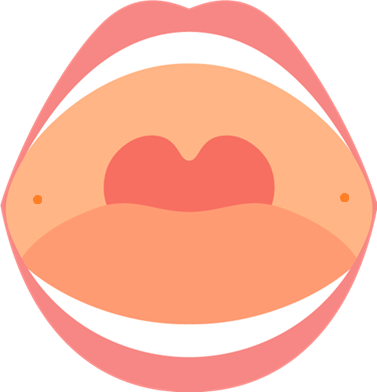 - 噛みしめの強い人は頬筋が硬く、穴を探しにくいため、軽く「イー」と口を横に広げてもらうと位置が明瞭になる。
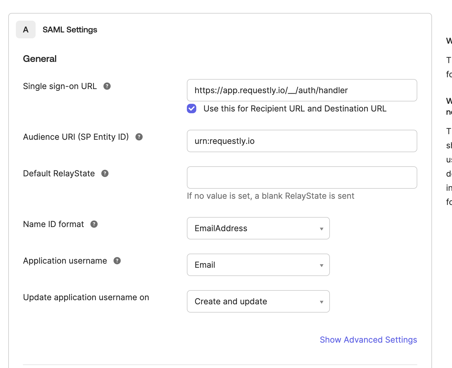 Audience URI (SP Entity ID) | urn:requestly.io |
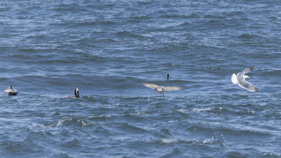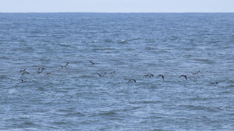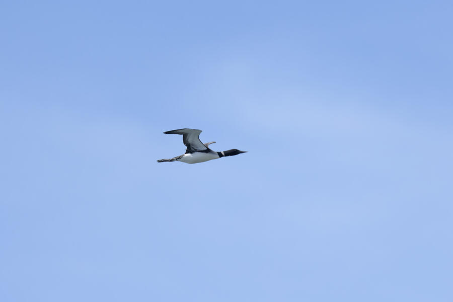 Pacific LoonI don't think I'd seen Pacific Loons in their breeding plumage before. Lots of little groups of 20-30 of them were headed north, flying low over the water. I'm not sure if they migrate during the day, or at such a low altitude, but for what it's worth ChatGPT says they were likely migrating.

## INSTRUCTIONS TO FOLLOW
Leave every picture out and write out exactly the lines from the line with "Audience URI (SP" through the last line of the material.

## SOLUTION TO THE PROBLEM
 Audience URI (SP Entity ID) | urn:requestly.io |
 Pacific LoonI don't think I'd seen Pacific Loons in their breeding plumage before. Lots of little groups of 20-30 of them were headed north, flying low over the water. I'm not sure if they migrate during the day, or at such a low altitude, but for what it's worth ChatGPT says they were likely migrating.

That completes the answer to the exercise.